In this study, the importance of variables used to develop the models was calculated. Variable importance represents the statistical significance of each variable in the data set concerning its effect on the model generated [26]. For germination capacity, the PLS-DA (Figure 1f) and the LDA (Figure 1h) model revealed eleven wavelengths (1221, 1902, 2029, 2037, 2045, 2230, 2259, 2289, 2309, 2320, and 2351 nm) and six variables from X-ray images (relative density, integrated density, median gray level, kurtosis, filling.1, and internal free space), respectively, with greater contribution for the models (threshold >50%). For seed vigor, five wavelengths contributed more to the PLS-DA model (1889, 1902, 2289, 2309, 2259 nm) (Figure 1h), and two X-ray variables (relative density and median gray) reached a contribution greater than 50% (Figure 1i).

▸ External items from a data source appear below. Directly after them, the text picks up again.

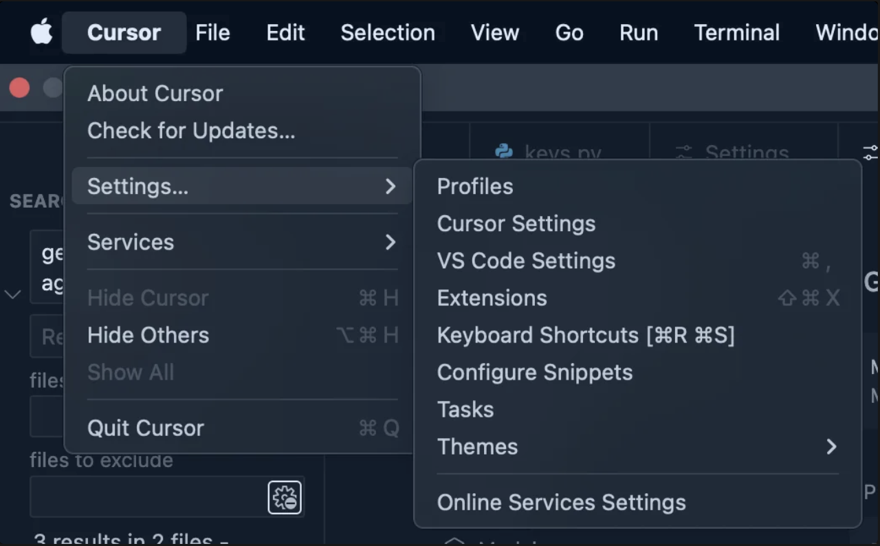 - Open Cursor β Settings.
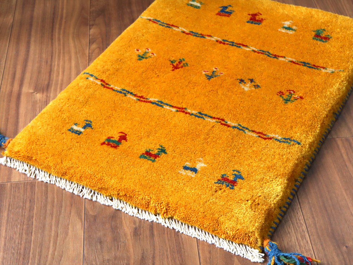 ギャッベ ミニギャベ イラン手織り 59×43cm イエローオレンジ 動物と生命の樹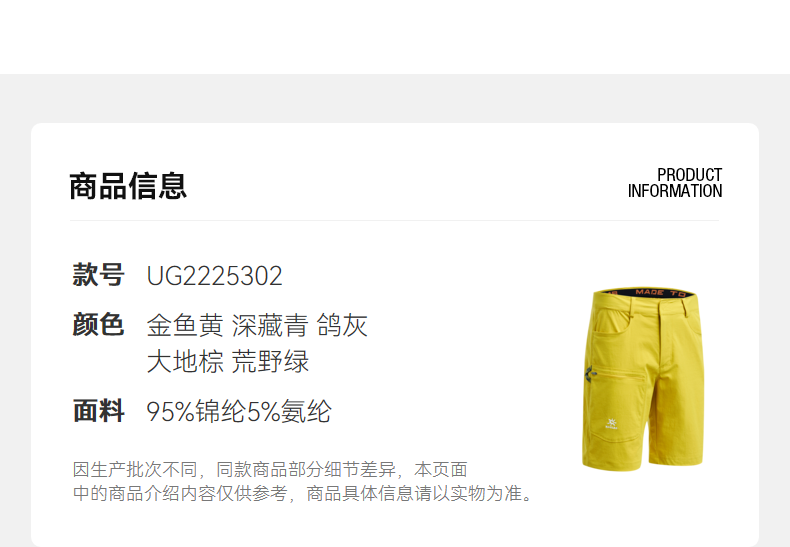顏色分類 金魚黃,深藏青,鴿灰,大地棕,荒野綠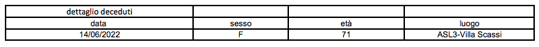 Un decesso registrato in tutto il territorio regionale, nell’arco delle ultime 24 ore.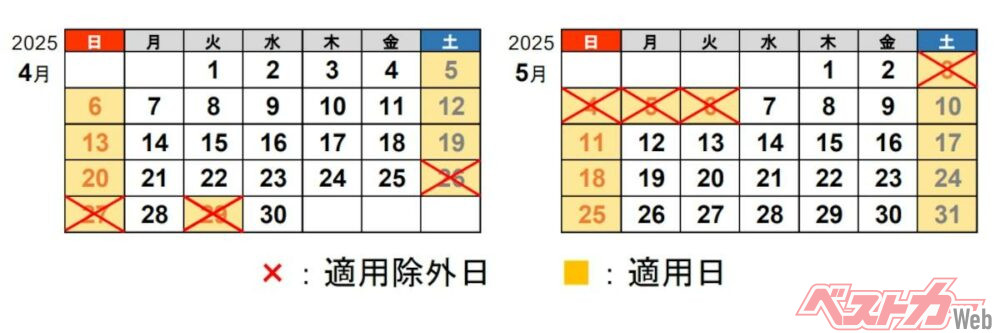 渋滞の激化を避けるため、ゴールデンウイーク中はETC休日割引が適用されないため、料金に注意が必要だ。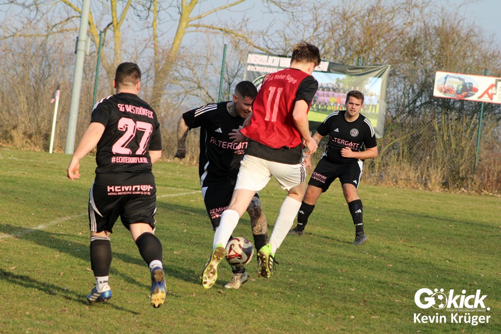 Zum ersten Pflichtspiel nach der Winterpause empfing die SG Westdörfer die zweite Mannschaft der SG Hoher Hagen. Nach der langen Pause war beiden Teams anzumerken, dass der Spielrhythmus noch nicht vollständig zurück ist. Trotzdem entwickelte sich von Beginn an eine intensive Partie mit vielen Zweikämpfen.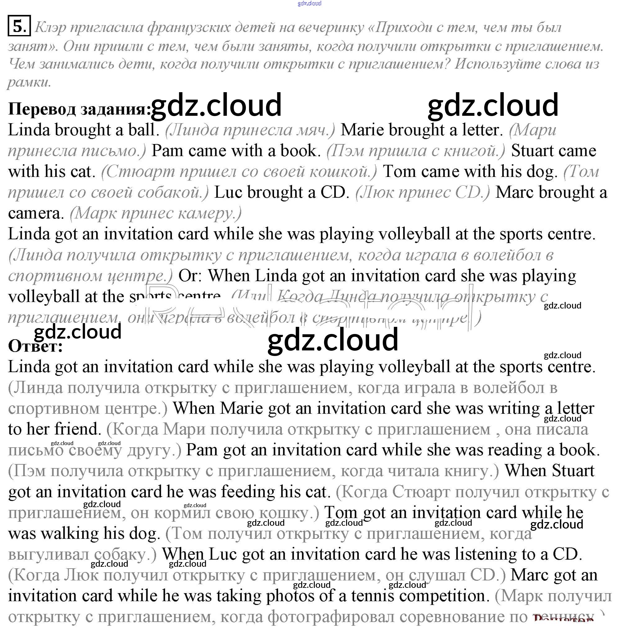 Ответ на задание 5 Учебник Английский язык за 5 (пятый) класс Кузовлев, Лапа, Костина, Дуванова, Кузнецова УМК 2015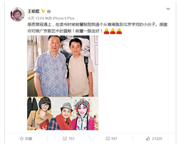 王祖蓝唏嘘不已道:“感恩曾经相遇,感谢前辈的鼓励,感谢您对推广京剧艺术的贡献,前辈一路走好!”
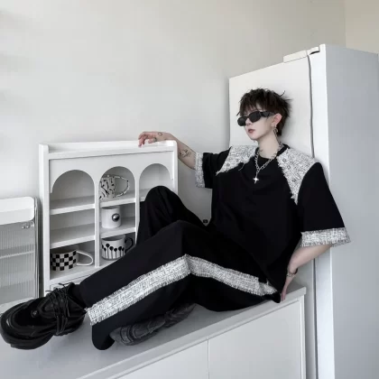 | nameOriginal | Niche woven splicing T-shirt Korean style wide-leg pants summer wear |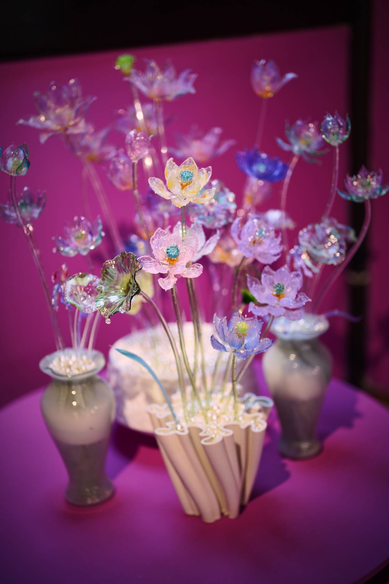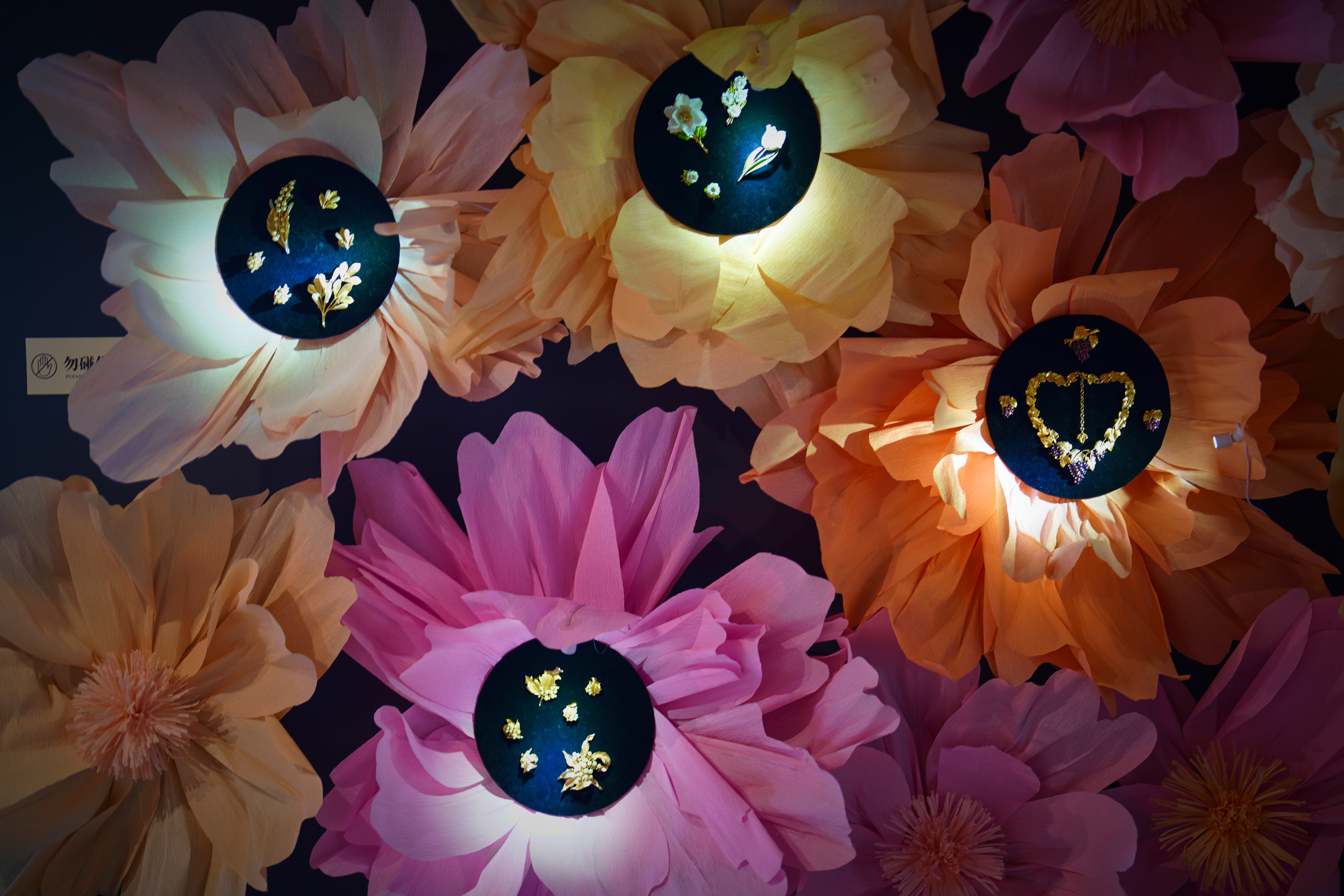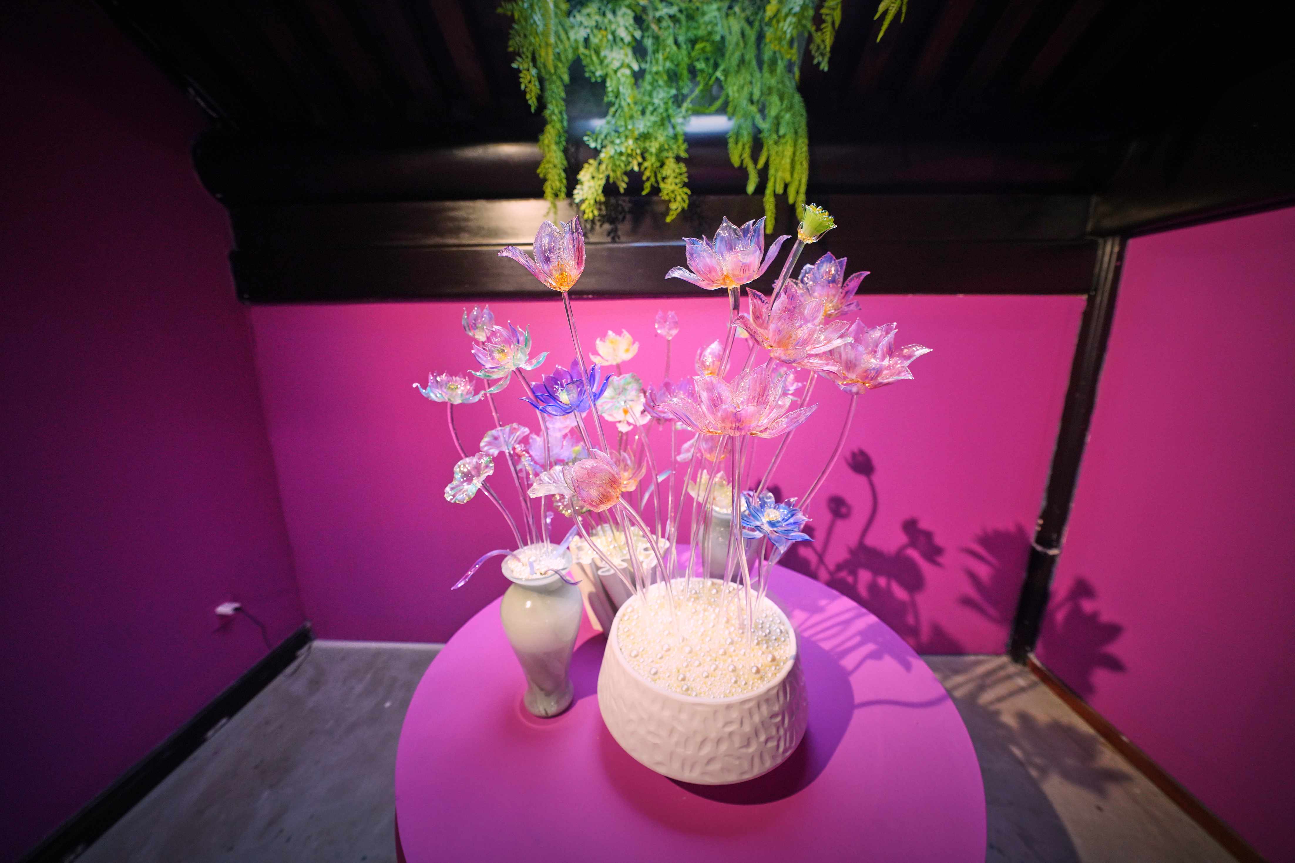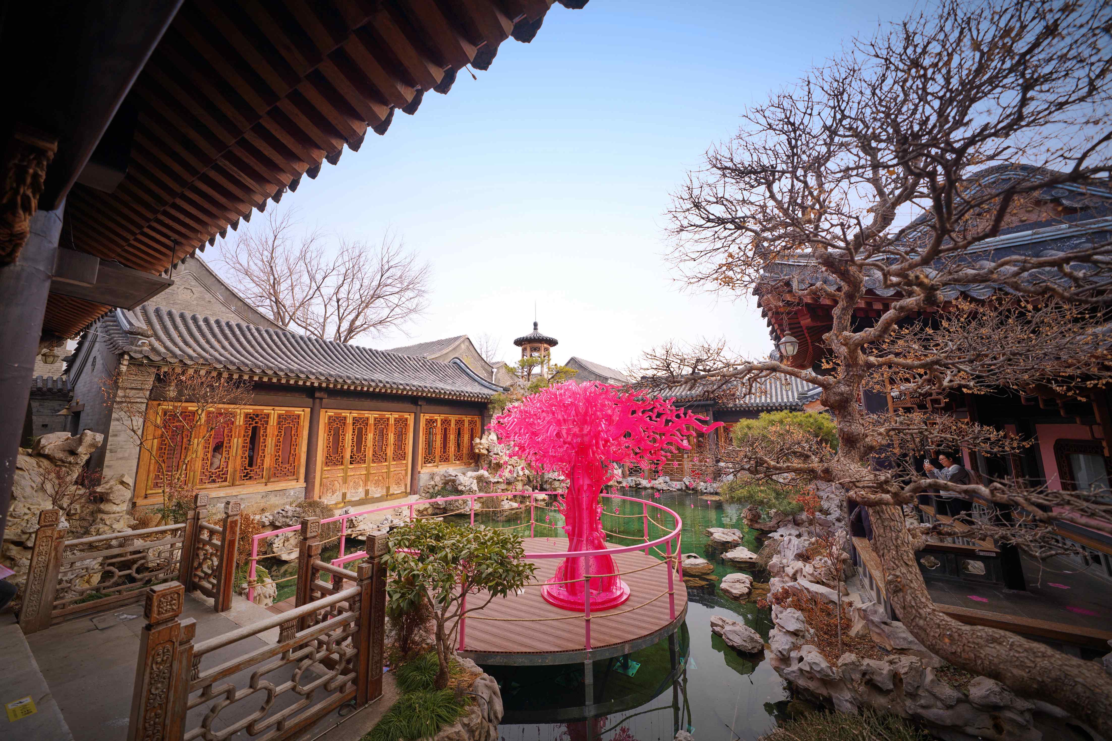 信步展馆,粉色背景墙与庭院光影交织成趣,巨型亚克力桃花树立于清池之上,悬挂的花艺装置随光线流转生姿,每一处皆藏着中式美学的细腻肌理与蓬勃生机。

3.2. Machine Learning Models
We developed models for seed quality classification using X-ray image features and NIR data, individually or combined. The models were developed to predict seed germination capacity and seed vigor (speed to generate normal seedlings).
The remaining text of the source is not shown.